U.S. Postal Service (November 2, 2017): U.S. Postal Service Previews Alzheimer’s Semipostal Fundraising Stamp Image

A few years ago, Julie began to worry about her memory. Names didn’t come as quickly. She had to work out on paper calculations she once figured out in her head, and her reading glasses seemed to have grown legs and started wandering about the house. At her annual physical, Doctor Thomas reassured her, saying that these are just the effects of aging. “I seriously doubt this is anything to worry about. You’re selling real estate, chairing the YMCA board and still medaling in masters swimming!”

Doctor Thomas was right. Julie was in good shape, working and enjoying life with her friends. Sixty-seven years old, she expected to live well into her 80s. Her concern though wasn’t how long she would live, but how well.

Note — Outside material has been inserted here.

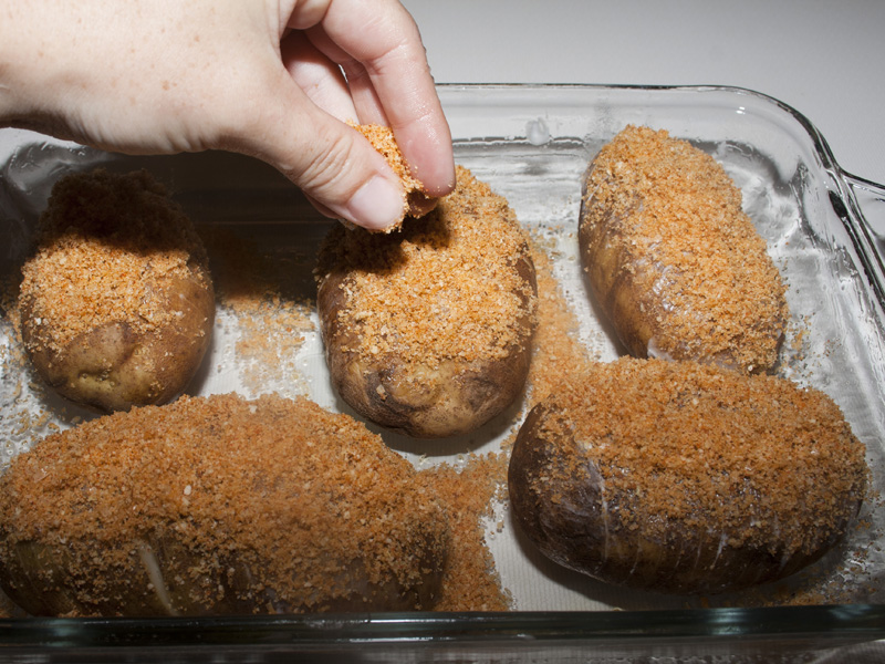 Brush prepared potatoes with 3 tablespoons melted butter (making sure some gets in the potato cracks), and pat the bread crumb mixture on top of each potato.
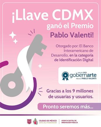referente tecnológico en términos regionales. Así, la implementación de una identidad digital sólida y confiable permite construir una infraestructura que beneficie tanto a la administración pública como a la ciudadanía, facilitando el desarrollo de políticas más inteligentes. En palabras de Ángel Tamariz Sánchez, titular de la Agencia, este premio es una respuesta a los esfuerzos realizados interinstitucionalmente en la CDMX para construir una ciudad más moderna: “Este reconocimiento refuerza el compromiso de la Ciudad de México con la innovación tecnológica, la inclusión digital y la mejora continua de los servicios públicos. Llave CDMX representa un modelo replicable para otras ciudades que buscan avanzar hacia una gobernanza digital, segura, humana y accesible”.

Even more worrying than her memory problems were the things she couldn’t forget. Her mother, a woman just like her, had memory problems. She lived her last decade disabled, sometimes angry, ultimately settled into the life of a person with dementia. Julie cared for her even though, as a single mother, she was busy raising her three teenaged children.

Julie decided to turn her worries into action. She decided to see if she could enroll in the Anti-Amyloid in Asymptomatic Alzheimer’s Study, or A4 Study. This international clinical trial sponsored by the National Institute on Aging and Lilly is discovering whether a drug called solanezumab can slow the cognitive decline in persons at risk for developing Alzheimer’s disease.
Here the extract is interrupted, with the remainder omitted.